(Beginning of MATERIALS PROVIDED)
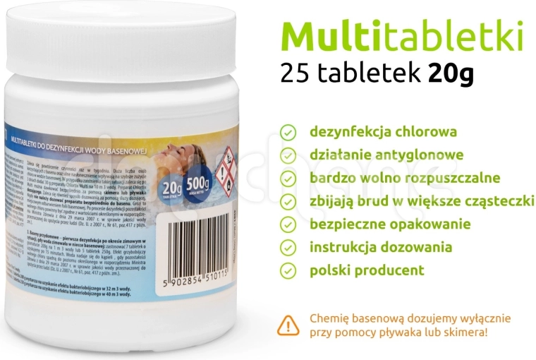Tablettes de chlore multifonctions pour piscine 20 g, 25 pcs (0,5 kg)
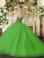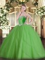Suitable Sweetheart Sleeveless Ball Gown Prom Dress Brush Train Beading Green Tulle
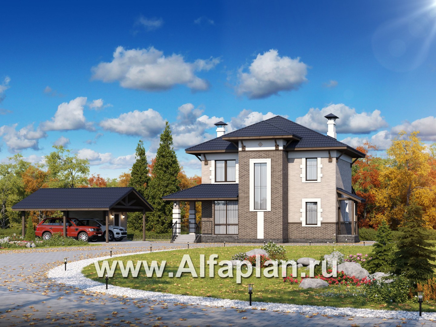 «Виконт»_ДУО - проект красивого дома + проект навеса на 2 авто с кладовой
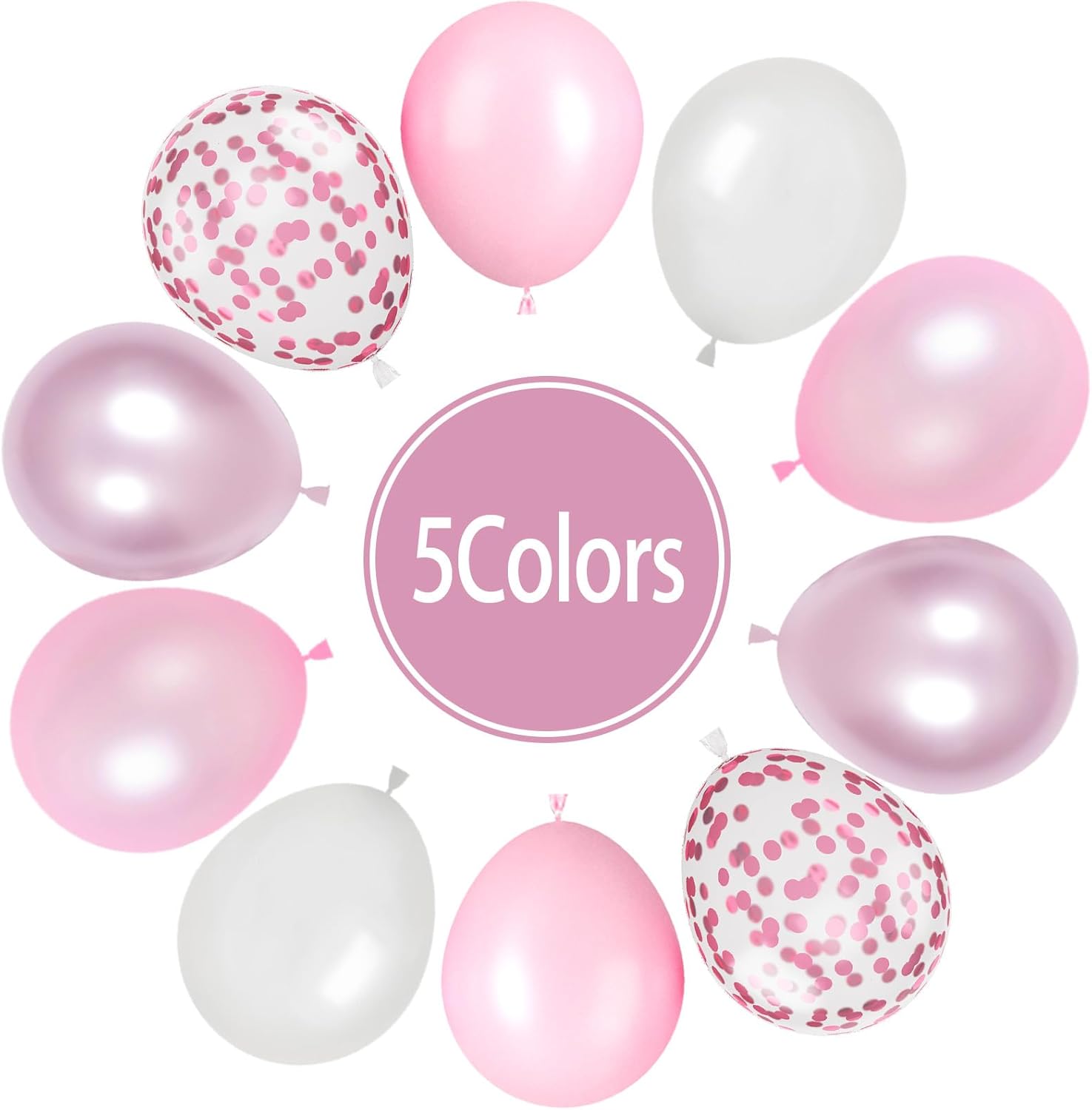- Pink Balloons Set: The 12 inch 62pcs pink balloons set includes different shades of pink balloons: 14pcs macaron pink balloons, 14pcs pearl pink balloons, 10pcs metallic pink balloons, 10pcs pink confetti balloons, 12pcs pearl white balloons, 2 rolls of ribbon. A variety of pink latex balloons is suitable for your beautiful art theme decoration.
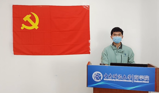新疆财经大学国际经贸学院本科生第一党支部的罗丞基同学以“在平凡中成长”为题开始分享。他讲到志愿服务贯穿着他的大学生活,从负责核酸检测点位开始成长到可以负责全院师生核酸检测工作,并讲述了自己与同学在校内外抗疫、家乡支教等活动中担任志愿者的经历,分享他们为身边人服务的实际。在一次次的志愿服务中,他感受到为身边同学奉献是一件幸福的事情。他们在看似平凡的志愿服务中贡献爱心,在看似简单的工作中谱写着时代青年的不平凡。
(End of MATERIALS PROVIDED)
INSTRUCTIONS TO FOLLOW: Begin with the line holding "- Pink Balloons" and end with the last line of the listing. Reproduce each of those lines exactly, and leave every picture out.

TASK OUTPUT:
- Pink Balloons Set: The 12 inch 62pcs pink balloons set includes different shades of pink balloons: 14pcs macaron pink balloons, 14pcs pearl pink balloons, 10pcs metallic pink balloons, 10pcs pink confetti balloons, 12pcs pearl white balloons, 2 rolls of ribbon. A variety of pink latex balloons is suitable for your beautiful art theme decoration.
新疆财经大学国际经贸学院本科生第一党支部的罗丞基同学以“在平凡中成长”为题开始分享。他讲到志愿服务贯穿着他的大学生活,从负责核酸检测点位开始成长到可以负责全院师生核酸检测工作,并讲述了自己与同学在校内外抗疫、家乡支教等活动中担任志愿者的经历,分享他们为身边人服务的实际。在一次次的志愿服务中,他感受到为身边同学奉献是一件幸福的事情。他们在看似平凡的志愿服务中贡献爱心,在看似简单的工作中谱写着时代青年的不平凡。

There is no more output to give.